Please tally the lines below that contain the word "blue" and reply with the total alone.

** Opening PROVIDED ENTRIES block **

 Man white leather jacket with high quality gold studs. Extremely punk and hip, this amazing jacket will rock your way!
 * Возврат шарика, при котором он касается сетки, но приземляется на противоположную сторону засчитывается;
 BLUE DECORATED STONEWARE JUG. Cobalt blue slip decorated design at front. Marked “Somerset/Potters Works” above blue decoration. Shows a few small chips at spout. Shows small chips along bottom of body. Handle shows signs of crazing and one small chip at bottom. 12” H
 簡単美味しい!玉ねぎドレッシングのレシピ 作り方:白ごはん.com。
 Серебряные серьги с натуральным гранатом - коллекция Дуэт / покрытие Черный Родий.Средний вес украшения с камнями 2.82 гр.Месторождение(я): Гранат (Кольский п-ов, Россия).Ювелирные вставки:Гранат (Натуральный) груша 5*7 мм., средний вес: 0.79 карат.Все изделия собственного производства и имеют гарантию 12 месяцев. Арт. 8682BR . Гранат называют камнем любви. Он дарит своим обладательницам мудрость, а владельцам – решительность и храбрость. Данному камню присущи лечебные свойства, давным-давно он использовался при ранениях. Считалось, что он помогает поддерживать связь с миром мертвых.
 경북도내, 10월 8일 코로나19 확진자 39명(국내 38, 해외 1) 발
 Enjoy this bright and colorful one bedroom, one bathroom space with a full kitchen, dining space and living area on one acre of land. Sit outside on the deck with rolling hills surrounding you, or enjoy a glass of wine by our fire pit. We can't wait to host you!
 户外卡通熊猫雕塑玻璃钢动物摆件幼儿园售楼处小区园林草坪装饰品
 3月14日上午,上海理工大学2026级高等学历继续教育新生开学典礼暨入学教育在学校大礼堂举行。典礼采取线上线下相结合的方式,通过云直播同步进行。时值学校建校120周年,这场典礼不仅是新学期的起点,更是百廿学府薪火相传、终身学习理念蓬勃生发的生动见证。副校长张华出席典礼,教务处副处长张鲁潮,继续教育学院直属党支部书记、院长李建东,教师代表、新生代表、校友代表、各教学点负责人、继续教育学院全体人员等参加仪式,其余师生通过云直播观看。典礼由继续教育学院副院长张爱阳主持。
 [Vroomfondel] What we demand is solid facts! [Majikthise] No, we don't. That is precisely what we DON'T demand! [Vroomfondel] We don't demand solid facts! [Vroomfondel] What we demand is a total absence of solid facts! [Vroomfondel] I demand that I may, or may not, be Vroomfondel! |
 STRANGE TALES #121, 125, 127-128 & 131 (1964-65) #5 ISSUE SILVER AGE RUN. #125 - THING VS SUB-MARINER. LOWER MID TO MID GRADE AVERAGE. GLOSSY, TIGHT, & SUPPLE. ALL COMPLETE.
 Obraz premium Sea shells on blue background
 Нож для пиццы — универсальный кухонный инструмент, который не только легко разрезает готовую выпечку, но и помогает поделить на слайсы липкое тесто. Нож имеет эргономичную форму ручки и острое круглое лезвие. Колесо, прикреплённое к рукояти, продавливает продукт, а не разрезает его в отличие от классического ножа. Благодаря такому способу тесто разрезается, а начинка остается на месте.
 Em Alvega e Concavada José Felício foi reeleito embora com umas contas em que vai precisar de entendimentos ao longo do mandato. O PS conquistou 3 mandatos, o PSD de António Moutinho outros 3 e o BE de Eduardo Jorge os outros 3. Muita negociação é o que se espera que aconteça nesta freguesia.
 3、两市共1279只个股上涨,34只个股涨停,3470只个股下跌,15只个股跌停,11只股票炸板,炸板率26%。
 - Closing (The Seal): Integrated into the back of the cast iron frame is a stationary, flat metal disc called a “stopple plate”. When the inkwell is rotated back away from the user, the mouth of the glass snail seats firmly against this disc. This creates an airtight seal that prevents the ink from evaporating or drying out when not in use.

** Closing PROVIDED ENTRIES block **

▶ [EXERCISE RESULT]
2